Use HTML5 comment syntax instead of HTML4

[alelievre44]

Hello

I would like to submit you a problem in function HtmlInputSplitter.parseToken() .

When you sanitize HTML text like : "<!-- COMMENT -- ME -> I'M ALONE --> MY CODE"

the parser detect end comment just before "I'M" rather than before "MY CODE".

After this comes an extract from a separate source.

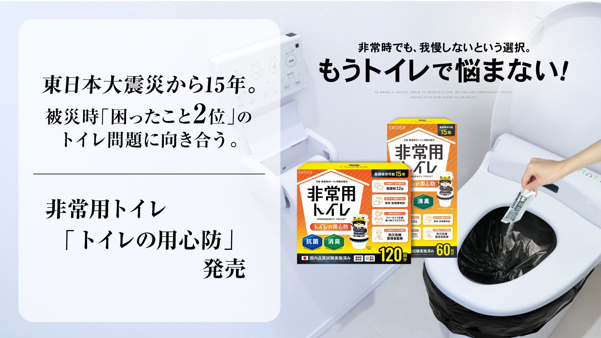 「本当に必要とされる商品を世界に流通させる」という理念のもと、数多くのベストセラー商品を世に送り出してきた株式会社Extage(大阪市中央区、代表取締役社長:野口拳大、以下「Extage」)は、EXCITECH(エキサイテック)ブランドから、非常用トイレ『トイレの用心防』を2026年3月11日より発売いたします。

Problem is due to this code in HtmlInputSplitter.parseToken():

    case COMMENT_DASH_DASH:     
        if ('>' == ch) {
         state = HtmlInputSplitter.State.DONE;
         type = HtmlTokenType.COMMENT;
         } else if ('-' == ch) {
             state = HtmlInputSplitter.State.COMMENT_DASH_DASH;
         } else {
             state = HtmlInputSplitter.State.COMMENT_DASH;
         }
         break;

the last state need to be HtmlInputSplitter.State.COMMENT otherwise end comment is detected after "->" otherwise "-->

    case COMMENT_DASH_DASH:
    ....
        } else if ('-' == ch) {
             state = HtmlInputSplitter.State.COMMENT_DASH_DASH;
        } else {
             state = HtmlInputSplitter.State.COMMENT
        }
        break;

Could you fix this issue, please ?

[mikesamuel]

I think it was written that way for compatibility with HTML4 quirks. (Emphasis added)

White space is not permitted between the markup declaration open delimiter("<!") and the comment open delimiter ("--"), but is permitted between the comment close delimiter ("--") and the markup declaration close delimiter (">"). A common error is to include a string of hyphens ("---") within a comment. Authors should avoid putting two or more adjacent hyphens inside comments.

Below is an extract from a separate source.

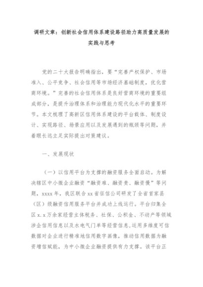 【七哥公文】2024年:调研文章:创新社会信用体系建设路径助力高质量发展的实践与思考+更多免费公文+VX:QiGeGongWen2024

IIRC, some HTML4 parsers treated any > after a non-starting -- sequence as closing.

That said, we can fix the lexer to conform to HTML5's comment grammar as long as the HTML serializer does not emit comments that have -- in odd places.

---

The current syntax is governed by html.spec.whatwg.org §13.1.6.

Comments must have the following format:

• The string "<!--".
• Optionally, text, with the additional restriction that the text must not start with the string ">", nor start with the string "->", nor contain the strings "<!--", "-->", or "--!>", nor end with the string "<!-".
• The string "-->".

Additionally §13.2.8 notes XML compatibility restrictions:

If the XML API restricts comments from having two consecutive U+002D HYPHEN-MINUS characters (--), the tool may insert a single U+0020 SPACE character between any such offending characters.

which IIUC, alludes to the (Char - '-') in XML § 2.5

 Comment   ::=   '<!--' ((Char - '-') | ('-' (Char - '-')))* '-->'

[alelievre44]

Thanks for the explanation. In my use case, I receive parts of HTML code and I want to sanitize this parts before displaying them on a page. So, how could I disallow the use of "--" in comments, to warn my client when I receive this ambiguous code ? I don't find any methods before parseToken() to detect this problem.

[alelievre44]

Thanks for the explanation. In my use case, I receive parts of HTML to analyse, so I'm not the owner. How can I detect an error in parser when we receive "--" in a comment, to disallow this usage ? I didn't find anything

[alelievre44]

I don't know why the issue was closed, so i reopened it!!!

[mikesamuel]

I don't know that there's a good way to do this. The early stages of processing throw away any comment tokens and pre-processors get raw text so can't distinguish between --> MY CODE from --> MY CODE.

[mikesamuel]

You could use the HtmlLexer to create an event stream and look at it for ambiguity so you can give feedback in addition to running the string through the normal sanitizer pipeline.

[jmanico]

I think wiping out all comments is the right way to sanitize for a security library.